What Syria reveals about the new world order
- Published
The Syrian civil war seems intractable, interminable, a torrent resulting from various polluted streams of histories - from the poorly thought-through Iraq invasion to the withered Arab Spring, from 14 centuries of sectarian conflict to the end of the Cold War.
But does it point the way to the future - perhaps not a future we might welcome, but a sign of the way the world is heading?
Syria has become a bear pit - the terrible destructiveness of any civil war (they last on average seven years) compounded by the self-interest of other international actors.
In a recent special edition of The World at One devoted to the conflict, most of the participants expressed a deep gloom about the prospects for an early end to the war - indeed to any end.
I can't remember who said it so I can't credit them for their wise words, but someone recently observed that one of the problems with this civil war is that, even if some of the nations involved actually desire peace, it is not their first priority.

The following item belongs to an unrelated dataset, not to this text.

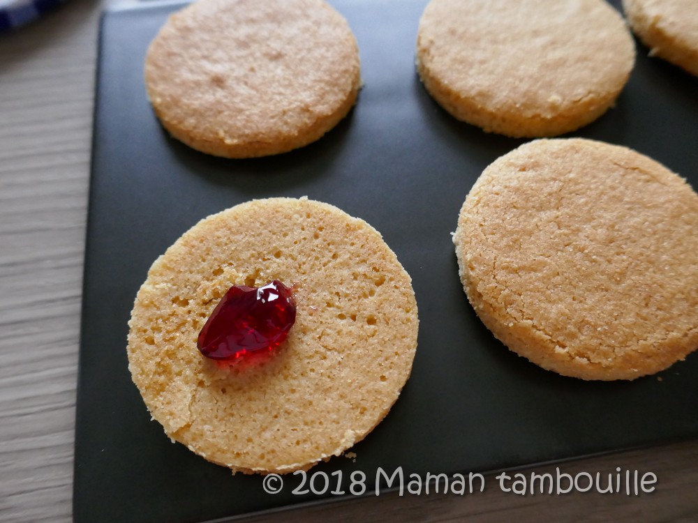Déposer une petite noisette de gelée de framboise sous chaque sablé breton pour les « coller » sur le plat de service.

The United States and the rest of the West want the destruction of the so-called Islamic State, and would like President Assad to be replaced by a democratic opposition.

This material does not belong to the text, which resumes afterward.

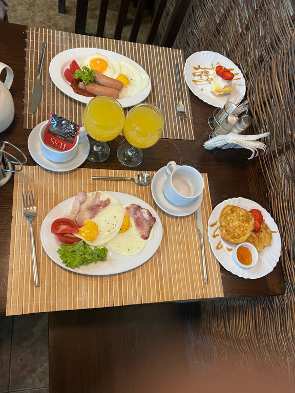 Прекрасное место! Рекомендую всем, едущим на Кавказ на мотоциклах. Теплые уютные номера, территория на ночь закрывается. Мотоциклы можно поставить чуть не у двери номера) персонал максимально вежлив и заботлив. Мы приехали мокрые до нитки, так все вещи развесили в котельной, к утру все было в норме. Отдельная песня — это завтраки. Заказ принимается с вечера на , вариантов приготовления множество. Подают точно к оговоренному времени, сервировка восхитительная. И администратор, и повар максимально учтивы, доброжелательны и приветливы. Побольше бы таких мест! Пять звёзд мало для выражения моей благодарности

Turkey worries about refugees and a Kurdish state and seems ambivalent towards Sunni movements.
For Iran and Saudi Arabia, it is another front in a struggle to be the main regional superpower - itself refracted through a sectarian conflict being fought in many of the nearby nations, where Sunni and Shia identities have become sharper and harsher.
But it is Russia that is the key and the core.
There's quite a debate about what President Putin wants. Some say a warm-water port, some that he can't lose an ally, others that he wants to defeat a "colour" revolution.
Or that it is about projecting Russian power in the world - and some who agree with that add that such a project is really all about burnishing his image at home.
The Cold War may have ended more than a quarter of a century ago, but the global rebalancing that followed is still happening.
The United States is still the world's foremost superpower but the brief time when it was the unquestioned heir to the end of history has long gone. Some will argue its moral self-confidence was squandered in the sands of Iraq - others that it is a lack of will on the part of the current president.
It's true that President Obama has absolutely no appetite for such confrontation, nor for wading knee-deep into another unwinnable occupation of an Arab country.
But don't hold your breath for a big change after the election.
Hillary Clinton might step up military intervention, while Donald Trump is more difficult to read - friendly towards Russia, against intervention, but pledged to destroy IS. But whatever the campaign rhetoric, I would hazard a guess the next president will only be different on the margins to the current one.
It is fashionable to castigate President Obama for flaccidly allowing Assad off the hook.
It's a point of view many politicians, military people and diplomats share, so we hear it often. But it is at least arguable that President Obama not only understands the mood of the American population, but the limits of what even a determined superpower can actually achieve, having examined the evidence of Afghanistan, Iraq and Libya.
There's no better take on Obama's world view than Jeff Goldberg's masterful discussion, external highlighting in particular his scorn for the "playbook in Washington that presidents are supposed to follow", which dictates a military solution to every crisis.
The president adds in his interview: "What I think is not smart, is the idea that every time there is a problem, we send in our military to impose order. We just can't do that."
But this leaves the "liberal interventionism" which followed Rwanda and Bosnia in abeyance.
This is not just about will. It is about a changing world, a rebalanced world, where East versus West is not the only game in town.
Syria is a sign of not just a world where the US has lost its appetite and its confidence to play sheriff to the world, but one that is increasingly multipolar.
The Philippines' recent hesitation about patrolling the South China Seas alongside the US navy indicates that it wants a good relationship with the growing superpower on its doorstep.
While China may project more regional power in nearby waters than it used to, it is still averse to projecting military power to interfere with other nations' internal affairs. It does not burn with a universalist's desire to right wrongs.
Russia only occasionally attempts the same moral pretensions that always seem to go with US military action and is rarely believed when it does. But it is every bit as assertive as the US once was.
Perhaps creating disorder is easier than imposing order. Probing along the borders of Nato and the European Union, occupying the Crimea, preventing the westernisation of the "near abroad", Syria is simply the latest manifestation of Putin's projection of military power.
Beyond the actual cost of the operation, he has few fears.
We talk glibly of the "global community" but it is hard to see what it means.
The UN becomes a cockpit for angry accusations, and forlorn hopes, rather than resolution. Not quite in the league of the League of Nations, but certainly where heads butt, rather than get banged together.
On the Security Council, China and the United States have most of the guns and much of the financial clout.
But it is Russia - dreaming of the power and the glory of the Soviet Union era - which is determined to recreate some simulation of that empire's reach and influence, provocative and short-term, with no clear strategic aims. (The UK and France may still fitfully dream of past imperial grandeur, but merely provide a bit more muscle to America's lost causes.)
No-one I have spoken to can explain to me why Russia will not get its way in Syria and, by extension, how President Assad could be removed from power, unless President Putin wills it.
This may not be a desirable state of affairs but, unless I am missing something profound, it is the state of the world in which we live.